Deputy Minister of Agriculture
- Incumbent
- Assumed office 30 June 2024
- President: Cyril Ramaphosa
- Minister: John Steenhuisen
- Preceded by: Office established

Deputy Minister of Agriculture, Rural Development and Land Reform
- In office 6 August 2021 – 19 June 2024
- President: Cyril Ramaphosa
- Preceded by: Sdumo Dlamini
- Succeeded by: Herself as Deputy Minister of Agriculture Stanley Mathabatha as Deputy Minister of Land Reform and Rural Development

Deputy Minister of Small Business Development
- In office 30 May 2019 – 5 August 2021
- President: Cyril Ramaphosa
- Preceded by: Cassel Mathale
- Succeeded by: Sdumo Dlamini

Chairperson of the Portfolio Committee on Social Development
- In office 25 June 2014 – 7 May 2019
- Preceded by: Yolanda Botha
- Succeeded by: Mondli Gungubele

Member of the National Assembly of South Africa
- Incumbent
- Assumed office 21 May 2014

Personal details
- Born: 24 October 1952 (age 73)
- Party: African National Congress
- Spouse: Ndumiso Capa

= Rosemary Capa =

South African politician

Rosemary Nokuzola Capa (born 24 October 1952), also known as Zoleka Capa, is a South African politician who is currently serving as Deputy Minister of Agriculture since June 2024. She previously served as Deputy Minister of Agriculture, Rural Development and Land Reform since August 2021 to June 2024. She was Deputy Minister of Small Business Development from May 2019 to August 2021. A member of the African National Congress, she has been a Member of the National Assembly since May 2014. From June 2014 to May 2019, she was the chairperson of the Portfolio Committee on Social Development.

==Early life and career==
Capa was born in Flagstaff in the Cape Province (now part of the Eastern Cape) during apartheid. She qualified as a nurse and midwife while a trainee at the Holy Cross Hospital in Flagstaff. After the end of apartheid, she spent two terms as the Executive Mayor of the OR Tambo District Municipality. In late 2010, she joined the Eastern Cape Provincial Legislature and was appointed to the Executive Council of the Eastern Cape as Member of the Executive Council (MEC) for Rural Development and Agrarian Reform.

== Career in national politics ==

===Committee chairperson===
Capa was elected to the National Assembly of South Africa following the general election on 8 May 2014. She was sworn into office on 21 May 2014. The ANC soon announced that Capa was their candidate for chairperson of the Portfolio Committee on Social Development. She was elected chairperson on 25 June 2014.
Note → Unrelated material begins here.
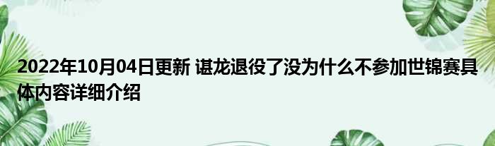 2022年10月04日更新 谌龙退役了没为什么不参加世锦赛具体内容详细介绍

Capa served as chairperson of the portfolio committee until the dissolution of the term on 7 May 2019.

===Deputy Minister===
Following the general election of 8 May 2019, Capa returned to Parliament on 22 May 2019. On 29 May 2019, President Cyril Ramaphosa appointed her Deputy Minister of Small Business Development. Capa was sworn in the next day.

On 5 August 2021, she was appointed as Deputy Minister of Agriculture, Rural Development and Land Reform.

== Personal life ==
She is married to politician Ndumiso Capa. Their daughter Ntandokazi Capa is a Member of the Executive Council in the Eastern Cape.